* WHAT TO WORK ON
When you reach the line containing "在甘特图视图中,您可以看到您的 Trello 帐户的所有图板及其任务。你也可以禁用你想要的。" in the entries below, start writing out each line exactly, and stop after the line containing "(or edit existing".

* EXTRACTED INFORMATION
-------

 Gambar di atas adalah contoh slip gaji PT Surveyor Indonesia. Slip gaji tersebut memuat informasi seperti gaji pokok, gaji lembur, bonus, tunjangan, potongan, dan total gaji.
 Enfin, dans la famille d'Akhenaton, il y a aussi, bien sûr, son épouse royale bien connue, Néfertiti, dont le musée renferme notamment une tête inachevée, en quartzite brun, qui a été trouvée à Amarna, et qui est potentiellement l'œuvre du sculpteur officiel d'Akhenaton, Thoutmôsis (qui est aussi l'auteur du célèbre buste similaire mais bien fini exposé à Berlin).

-------

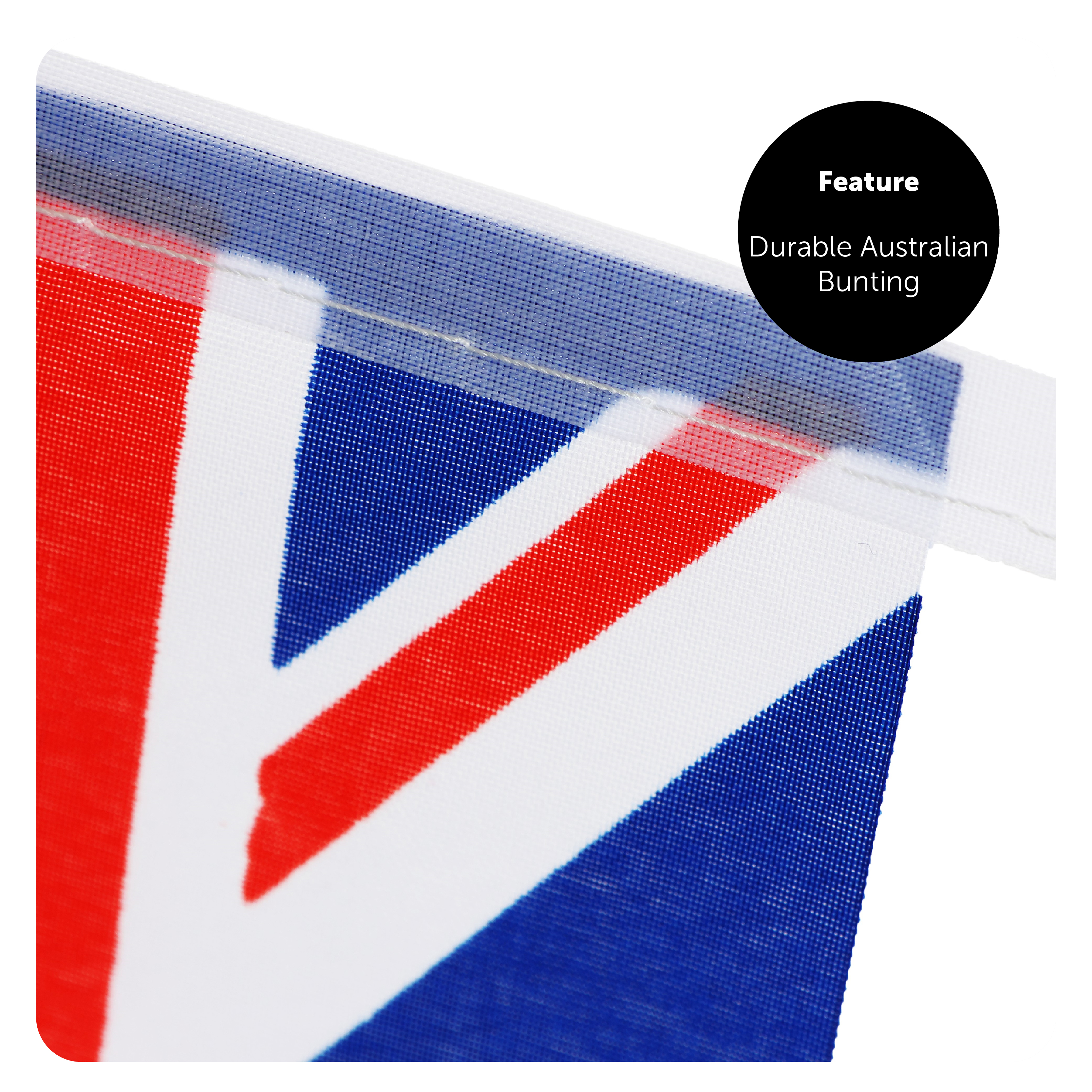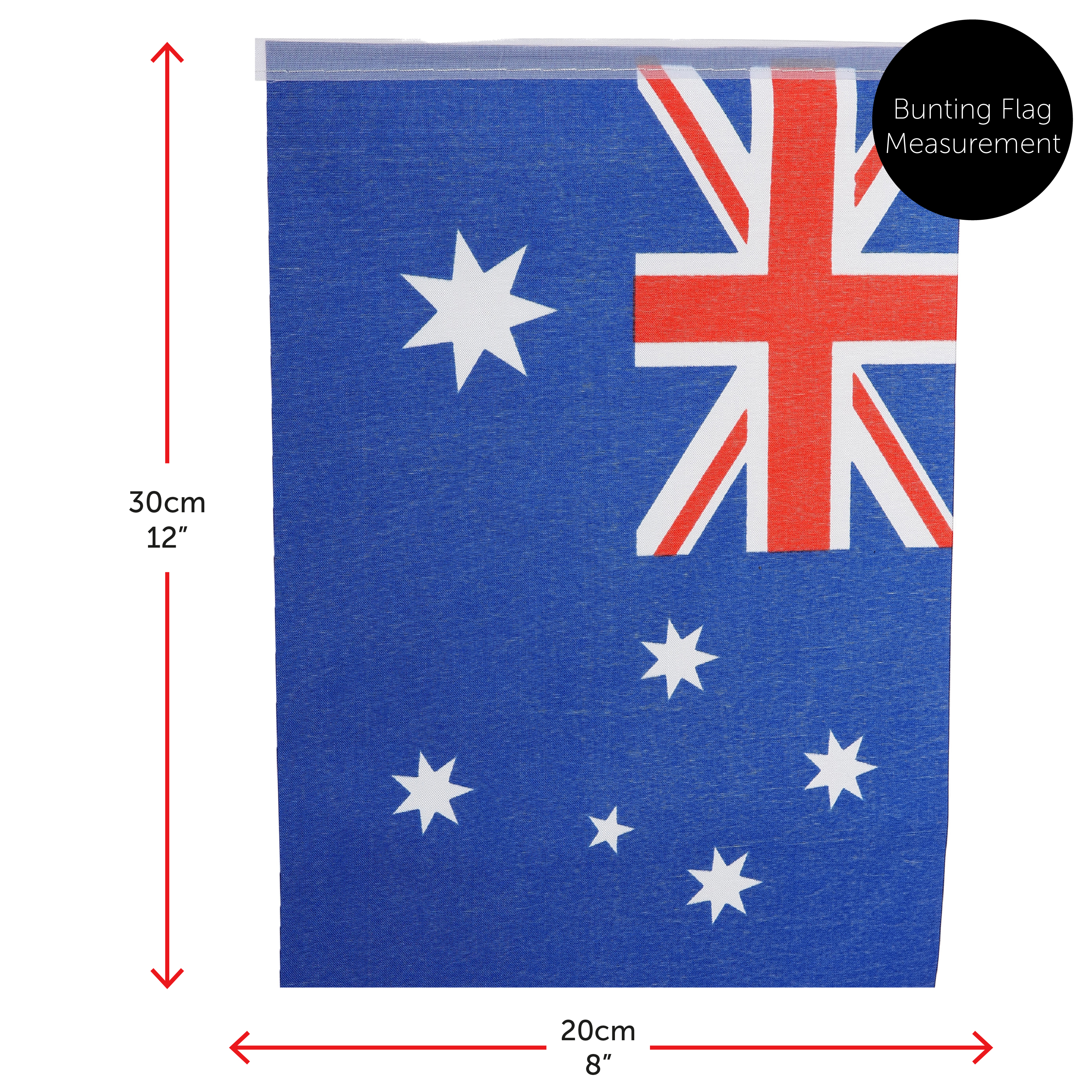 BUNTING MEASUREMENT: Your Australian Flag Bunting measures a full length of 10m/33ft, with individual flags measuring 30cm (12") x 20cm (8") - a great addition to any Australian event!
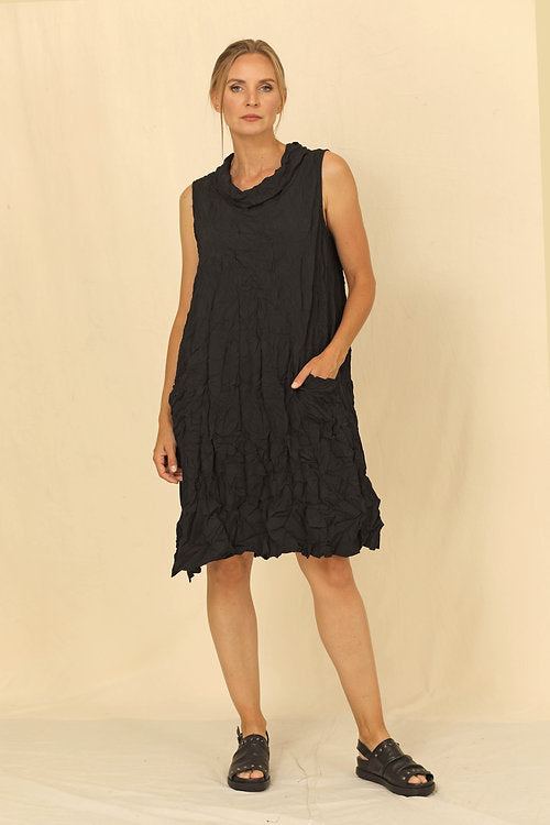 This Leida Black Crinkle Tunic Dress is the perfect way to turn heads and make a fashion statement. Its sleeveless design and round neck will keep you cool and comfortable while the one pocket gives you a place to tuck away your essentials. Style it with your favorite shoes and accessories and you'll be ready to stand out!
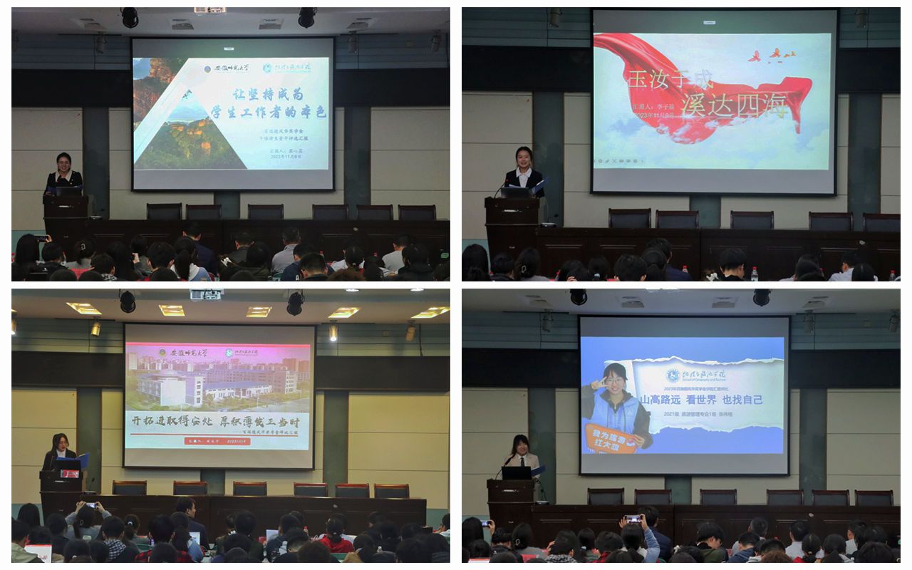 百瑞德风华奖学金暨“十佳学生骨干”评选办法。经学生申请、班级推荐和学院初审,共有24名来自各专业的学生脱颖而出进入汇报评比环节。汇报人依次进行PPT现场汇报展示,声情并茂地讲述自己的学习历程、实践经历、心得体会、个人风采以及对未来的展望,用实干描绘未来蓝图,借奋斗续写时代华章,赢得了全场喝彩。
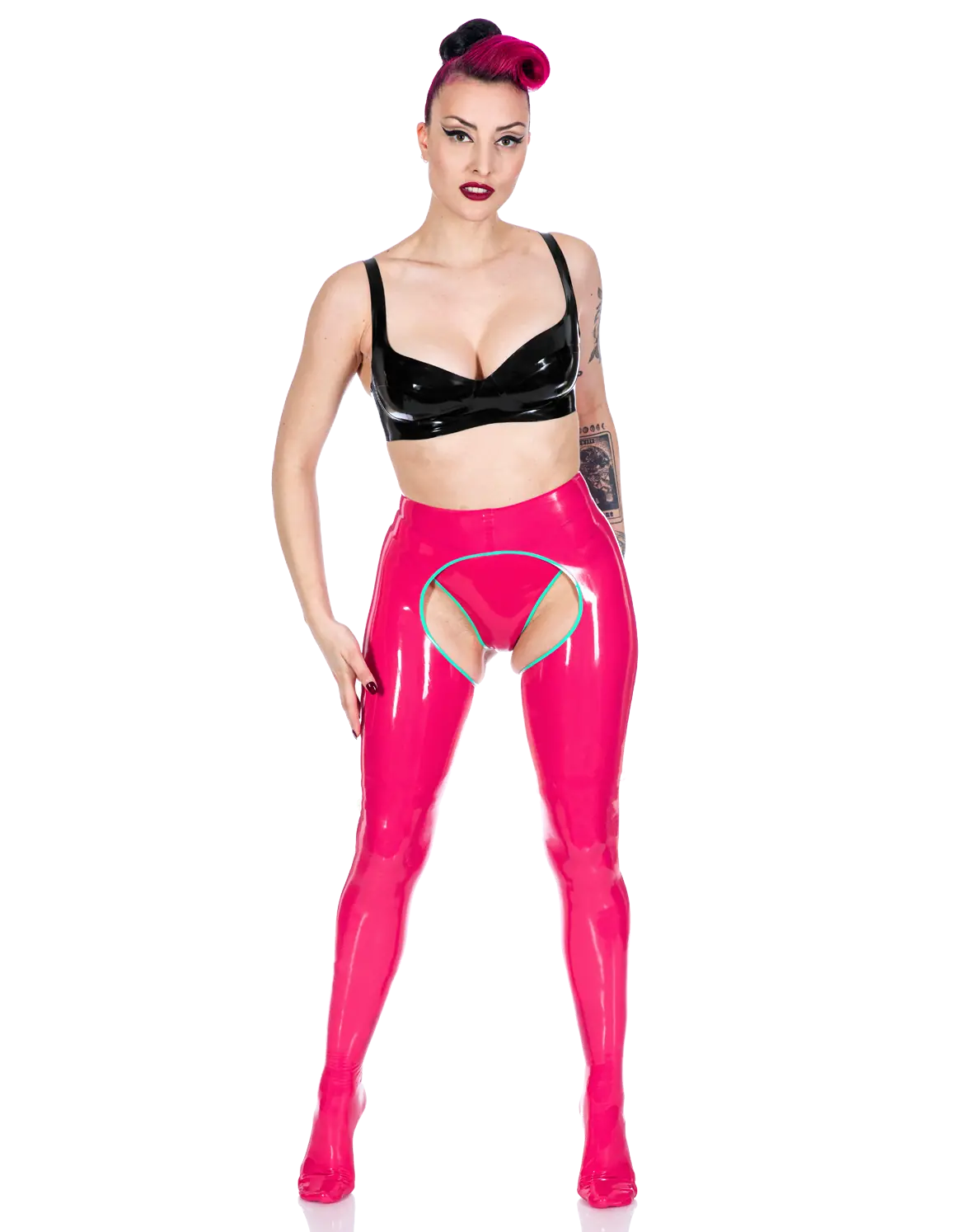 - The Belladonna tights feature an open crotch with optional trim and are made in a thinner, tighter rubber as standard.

-------

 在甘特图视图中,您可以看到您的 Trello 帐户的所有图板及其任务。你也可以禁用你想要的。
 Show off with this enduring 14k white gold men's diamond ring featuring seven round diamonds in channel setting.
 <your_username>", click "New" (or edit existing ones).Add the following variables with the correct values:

-------

* EXPECTED ANSWER
 在甘特图视图中,您可以看到您的 Trello 帐户的所有图板及其任务。你也可以禁用你想要的。
 Show off with this enduring 14k white gold men's diamond ring featuring seven round diamonds in channel setting.
 <your_username>", click "New" (or edit existing ones).Add the following variables with the correct values:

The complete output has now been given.